Has just gone to bed because she has work tomorrow.

She just gave me 5 jobs before she went!
 
... which were...?

Lock all the doors.
Collect logs for the fire.
Build the fire up.
Shut the door on the fire
Tidy up the kitchen because I don't want to come down to this mess in the morning.(2 bloody cups and a bowl)

Oh and wash my balls before I come to bed, oh sorry smalls I meant smalls.
 
I rest my case.

The good wife, her indoors, my sweetness,

Has just gone to bed because she has work tomorrow.
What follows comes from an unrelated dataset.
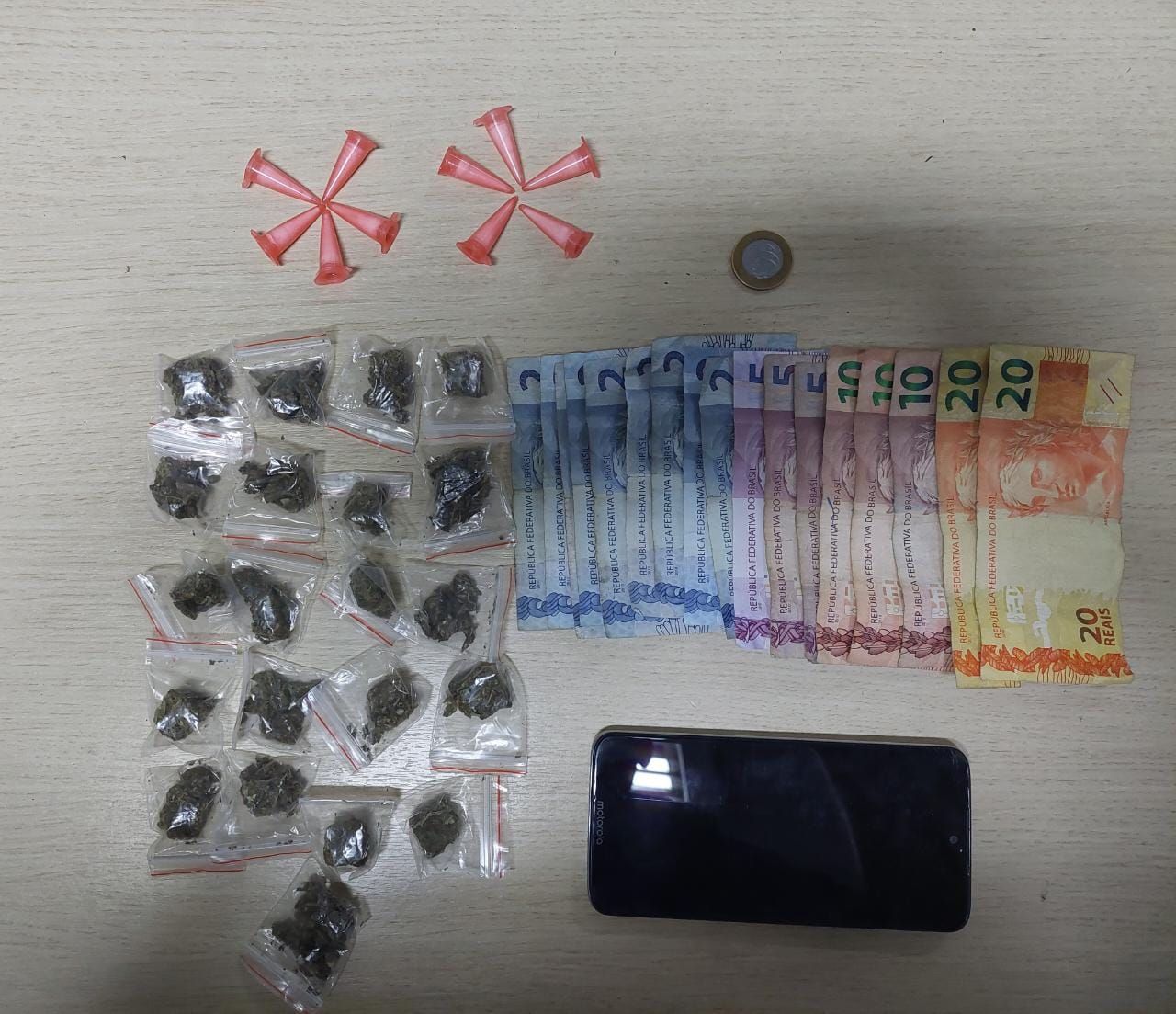 A ocorrência começou quando durante patrulhamento em escola nas imediações do condomínio e com a informação de que havia um evadido do sistema prisional pelas redondezas, as equipes da Romu 84 e 92, formadas pelos GCs Glauco, Gomes, Rocha e Saturnino (84) e GCs Willian, Miranda e Macedo, avistaram o homem caminhando. Ao ver a viatura, ele fugiu em direção ao condomínio e dispensou uma sacola, onde foram encontrados 21 porções de maconha e 10 microtubos de cocaína.

She just gave me 5 jobs before she went!

Clean your teeth
leave the loo lid up
turn off the light
lock the door
turn off the tv

???? bet am right
 
Clean your teeth
leave the loo lid up
turn off the light
lock the door
turn off the tv

???? bet am right

Yip, if you just got on and did them she wouldn't have to KEEP asking.
I blame the owners though.
:lol-053:
Suki
 
Hang on! Hang on!

You'll never guess what she just text me 2 more jobs!

Put the bloody heating on for her.
And set my alarm in case hers does not go off (so I've got wake up 2 hours early to turn my alarm off after hers has gone off)
 
Hang on! Hang on!

You'll never guess what she just text me 2 more jobs!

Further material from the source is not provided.